- debt - financial crisis - Italy - Mario Monti
Italy passes €20 billion debt crisis package
Italy on Sunday passed a new debt crisis package worth €20 billion that includes raising taxes, slashing spending and pension reform. Prime Minister Mario Monti (pictured) hailed the move as "a decree to save Italy".
AFP - Italy's cabinet on Sunday adopted a package of tax hikes, budget cuts and pension reforms worth 20 billion euros ($27 billion) in a rush to avoid a bankruptcy that threatens to bring down the eurozone.
"This is a decree to save Italy," Prime Minister Mario Monti said at a press conference after the cabinet meeting, adding: "This is a moment in which Italy risks being responsible for helping to drag down the economy of Europe."
Italy will "put its deficit and debt under strong control" so that the country is "not seen as a suspicious flash point by Europe," he said.
He also warned that Italians had to make "sacrifices" and said he was renouncing his own salary as prime minister in a gesture of solidarity.
The three-year package includes a controversial pension reform that will increase the minimum pension age for women to 62 starting next year and fall into line with men by 2018, by which time both will retire at 66.
The number of years that men have to pay contributions to receive their full pensions will also be increased from the current level of 40 to 42.
Welfare Minister Elsa Fornero, whose proposals have already been slammed by Italy's main trade unions, broke down in tears as she outlined the changes.

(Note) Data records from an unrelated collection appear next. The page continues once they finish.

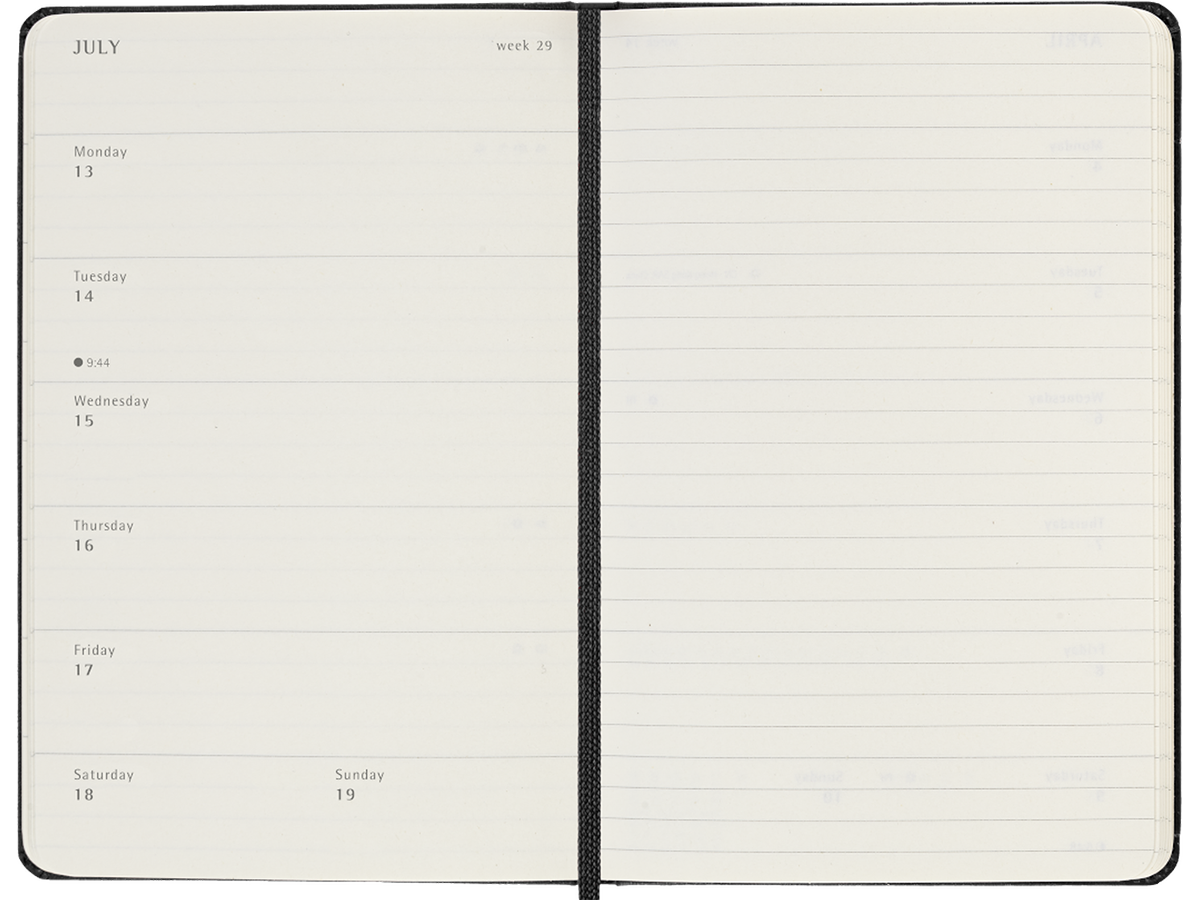 - Useful tools: calendar, travel planning, ideas and goals, ruled pages for notes
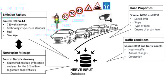 The NERVE model was originally designed to calculate climate gas emissions from road transport in Norwegian municipalities [36]. It is an open source model distributed under a general public license (GNU). More recent additions to the model include diversification to calculate air quality components, hourly output on road links, and an update of the Handbook Emission Factors for Road Transport (HBEFA) version 4.1 emission factors, which are presented here. NERVE is based on highly detailed input data on roads, vehicles and emission factors for Norway. The type of input data is, for the most part, readily available in other countries. Thus, the NERVE model has also been adapted to estimate traffic emissions for Abu Dhabi Emirates [37], urban areas abroad such as Dublin, Ireland [38], and currently also in Warsaw, Poland. It has also been used to investigate the effects of environmental speed limits on emissions [39], to relate tire wear particles and CO emissions [40] for global applications, and in numerous local air quality assessments [41,42,43]. This study is based on the Norwegian input data, which are described in Figure 1 and in the following sections.
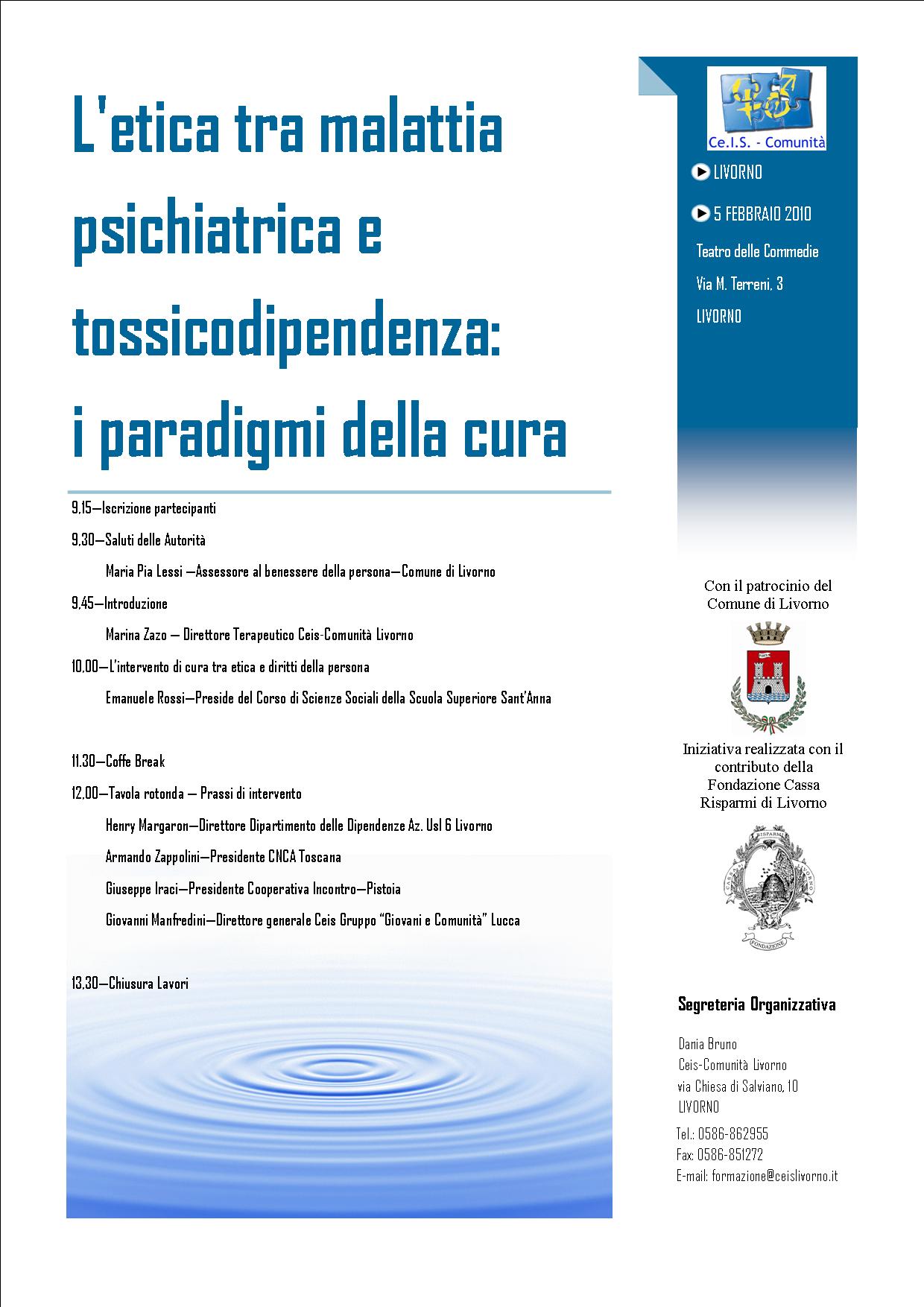 La Direzione terapeutica dell’Associazione Ceis-Comunità Livorno organizza il convegno “L’etica tra malattia psichiatrica e tossicodipendenza: i paradigmi della cura”.

The package also increases taxes on housing and luxury items and raises value-added tax -- which has already been raised by one percentage point this year -- by two percentage points to 23 percent from the second quarter of 2012.
Final approval of the reforms in parliament is expected before Christmas.
The crucial government meeting had been scheduled for Monday but it was brought forward by Monti in a bid to finalise the budget reforms before the markets open in a crucial week for the future of the euro.
A former top European Union commissioner who came to power just three weeks ago after the flamboyant Silvio Berlusconi was ousted by a wave of panic on financial markets, Monti said Italy was at a dramatic crossroads.
"We're faced with an alternative between the current situation, with the required sacrifices, or an insolvent state, and a euro destroyed perhaps by Italy's infamy," he said.
Italy is under intense pressure from its eurozone neighbours and international investors to introduce draconian measures to rein in its public debt ahead of a crucial European Union summit on Thursday and Friday.
Rome has already adopted two austerity packages this year but the European Commission indicated that the eurozone's third largest economy would fail to reach its target of balancing the budget by 2013 without more belt-tightening.
Italian unions voiced their opposition, even though a planned overhaul of labour laws to make it easier for companies to fire workers has been postponed to a future date.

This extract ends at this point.